An active lifestyle helps preserve gray matter in the brains of older adults and could reduce the burden of dementia and Alzheimer’s disease. Cyrus Raji, from the University of California/Los Angeles (UCLA; California, USA), and colleagues examined how an active lifestyle can influence brain structure in 876 adults, average age 78 years, enrolled in the Cardiovascular Health Study.

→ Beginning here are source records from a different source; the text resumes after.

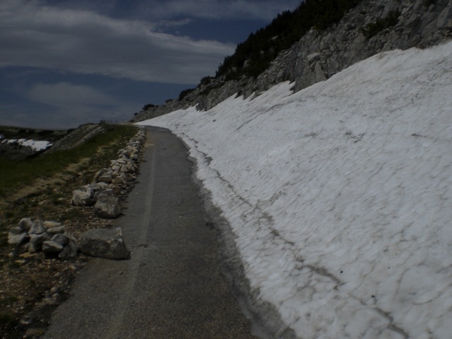 Ai meno 2 km la strada è interrotta da un muro di neve, che noi diligentemente abbiamo scalato...poi ultimo km con raffiche di vento importanti
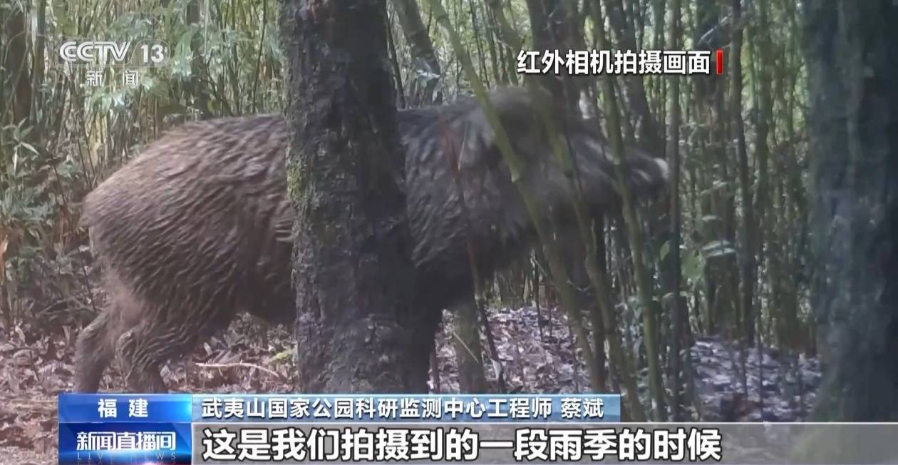 武夷山国度公园科研监测中心工程师 蔡斌:这是咱们拍摄到的一段雨季时一个野猪的视频,这只野猪它可能在地上寻找食品的期间嘴边粘了许多泥巴,它要找一个处所把嘴边的泥巴处理掉。于是它就在这个小竹子上,左蹭蹭右蹭蹭。
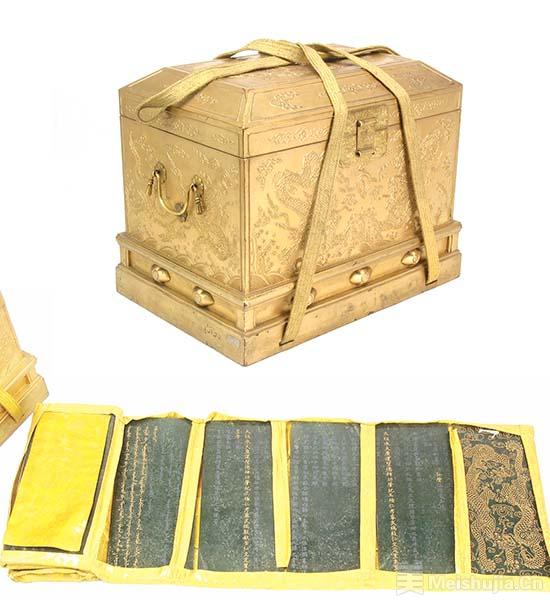 此冊為清乾隆元年(1736)清宮內府遵旨鐫刻而成,冊文詳細記述了清太祖皇帝一生功德、業績及其廟號、謚號等。謚冊首頁、末頁各鐫刻填金云龍紋,其余八頁淺刻陰文滿、漢楷書文字,其中左五頁為滿文,右三頁為漢文,冊文填青,謚號填金。各頁玉板用黃緞制套聯綴成冊,每頁之間以明黃織錦墊相隔;冊外為明黃纏枝蓮紋織錦包袱皮,以黃絲帶捆系,再用雙層云龍紋金漆套盒盛裝。該冊于乾隆四十八年(1783)由北京送至盛京(今沈陽)太廟尊藏,清末民國時期存于沈陽故宮崇謨閣內。
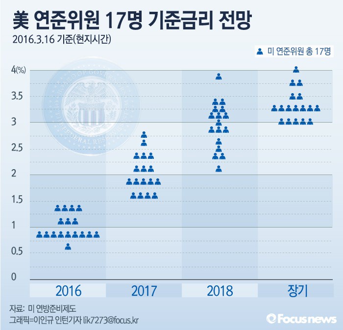 (서울=포커스뉴스) 점도표(Dop plot)는 미 연준의원 17명이 향후 기준금리 전망을 점으로 표시한 것이다.
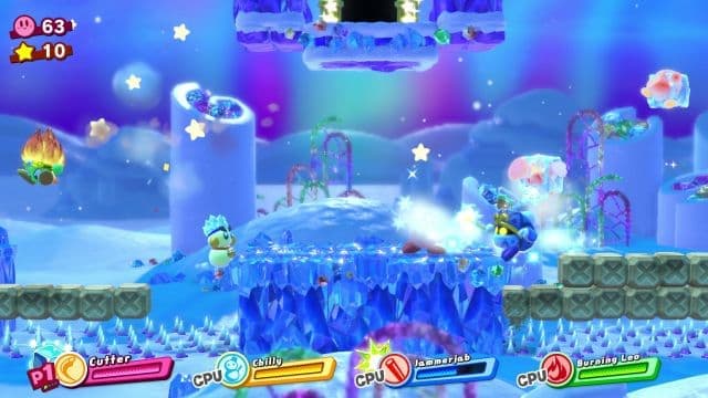 Игра радует и разнообразием ситуаций, а герои то оказываются на движущейся платформе, плавают под водой, ненадолго задерживаются на арене и избивают противников, то превращаются в огромное колесо и сметают всех на своём пути. Кроме того, Кирби и его спутники летают верхом на звезде и разносят препятствия на мелкие кусочки.
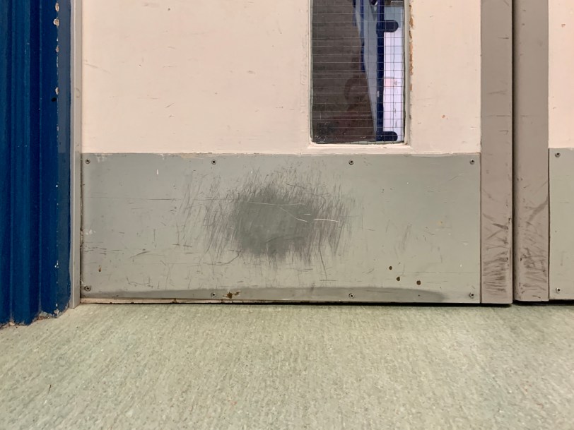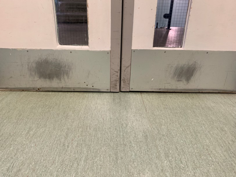 Swing doors. Look at the bottom of swing doors today. They are a rich source of involuntary paintings. The constant kicking by walkers eager to pass through to the other side, here from the main body of the Royal Hallamshire Hospital into the stairway. Beautiful collaborative ever changing boot toe, shoe toe drawings.

The patients’ condition ranged from normal cognition to Alzheimer’s dementia. The team drew on 20 years of clinical data on this group, including body mass index and lifestyle habits—including recreational sports, gardening and yard work, bicycling, dancing and riding an exercise cycle. After controlling for age, head size, cognitive impairment, gender, body mass index, education, study site location and white matter disease, the researchers found a strong association between energy output and volumes of gray matter (where neurons that function in cognition and higher order cognitive processes are located) in areas of the brain crucial for cognitive function. Greater caloric expenditure was related to larger gray matter volumes in the frontal, temporal and parietal lobes, including the hippocampus, posterior cingulate and basal ganglia. There was a strong association between high-energy output and greater gray matter volume in patients with mild cognitive impairment and Alzheimer’s disease. Observing that: “not one but a combination of lifestyle choices and activities benefit the brain,” the study authors report that: “The areas of the brain that benefited from an active lifestyle are the ones that consume the most energy and are very sensitive to damage.”
- Raji C., et al. “Energy expenditure is associated with gray matter structure in normal cognition, mild cognitive impairment, and Alzheimer’s dementia” [Abstract SSA16-02]. Presentation at 2012 Annual Meeting of Radiological Society of North America (RSNA), 26 Nov. 2012.